The SDLP took two odd decisions in their recent history. The party pulled out of the Executive accusing Sinn Féin and the DUP of withholding papers and carving up the spoils in their respective interests. Interestingly that seismic shift had not been run by former SDLP deputy First Minister Seamus Mallon despite his vast political experience. He was very unhappy with the decision to quit the Executive. The thinking behind opting out of the Executive didn’t stand up to scrutiny and still doesn’t. The move by the SDLP smacked of petulance, showed signs of weakness and a lack of self confidence. If the SDLP adjudged the two big parties to be acting ultra vires why did the leadership not challenge this in the courts instead of walking away leaving the chicken coop to two foxes! Odd move number one.
Under Colum Eastwood’s stewardship the SDLP then entered a botched partnership with Fianna Fáil. Can anyone demonstrate what the SDLP has gained from that link up? To what does that partnership amount? Why did the SDLP feel compelled to break with what had been a decades old practice of having open relationships with all political parties in the Republic of Ireland? The SDLP had a unique identity. What decided for the leadership to bolt itself onto another party?
If this development was designed to counter Sinn Féin’s claim of being the only ‘all Ireland’ party that exposes a further insecurity.
From Mícheál Martin’s point of view as leader of the Fianna Fáil party one wonders what he thinks today of that partnership? Mr Martin and Fianna Fáil have exhausted the Oxford dictionary seeking out pejorative adjectives to damn Sinn Féin from on high at every turn in recent years raking up the sins of republicans past and present while targeting Mary Lou McDonald and Gerry Adams before her. He views Sinn Féin as an enemy blocking his road to power in replacing the current government and now the SDLP have decided to have a fling with Sinn Féin in North Belfast.
Did the leadership of the SDLP consult Mícheál Martin about their decision to stand aside in North Belfast affording Sinn Féin’s John Finucane more than a fighting chance of defeating the DUP’s sitting Brexiteer MP, Nigel Dodds?

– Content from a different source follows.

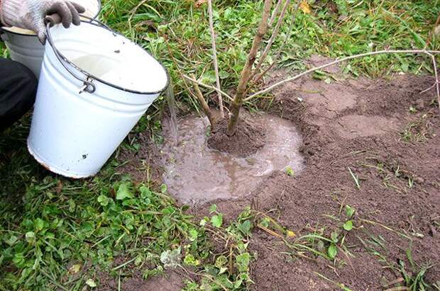 Шаг 4. Обильно поливаем. Не спеша проливаем землю вокруг высаженного растения водой, добавляя её в несколько приёмов, до тех пор, пока она будет способна впитываться. После этого слегка присыпаем поверхность сухой почвой, перепревшим компостом или торфом.

Furthermore how does this Sinn Féin SDLP North Belfast love-in dénouement sit with the party’s crucifixion of former leader John Hume in the early Nineties for his ongoing talks with Gerry Adams – talks which proved ultimately to be the most politically important engagement in the last twenty five years?
Those talks stopped the killing. Most people are unaware of the heat under which John Hume lived within his own ranks at that time. On August 18 1994 at a bad tempered meeting over the ongoing Hume/Adams talks John Hume had only two senior SDLP individuals Mark Durkan and Joe Byrne in the room, standing by him. During that meeting in the SDLP headquarters on the Lisburn Road thirteen days before the IRA ceasefire of August 31 1994, Hume told colleagues that night if his talks with Gerry Adams didn’t deliver a ceasefire he would resign as party leader, adding that he would not apologise for trying to stop the killing. The big beasts of the party including Seamus Mallon and South Down MP Eddie McGrady robustly challenged Mr Hume’s wisdom in sticking with Adams.
Today twenty five years later the SDLP have struck a deal with that same Sinn Fèin party not to contest North Belfast for the first time – the quid pro quo being that Sinn Féin will not run in South Belfast to help guarantee the election to Westminster of the SDLP’s Claire Hanna.
This current vexed general election on the back of the Brexit débacle has an echo of the 1981 general election when the SDLP withdrew Austin Currie in Fermanagh South Tyrone to give hunger striker Bobby Sands a free run against Harry West. Mr Sands ended up MP for that constituency. It’s extraordinary how the current SDLP leadership has forgotten that, and that the Fermanagh South Tyrone election outcome was the beginning of a very politicised Sinn Féin which under the leadership of Gerry Adams and Martin McGuinness ultimately stole the SDLP’s clothes electorally.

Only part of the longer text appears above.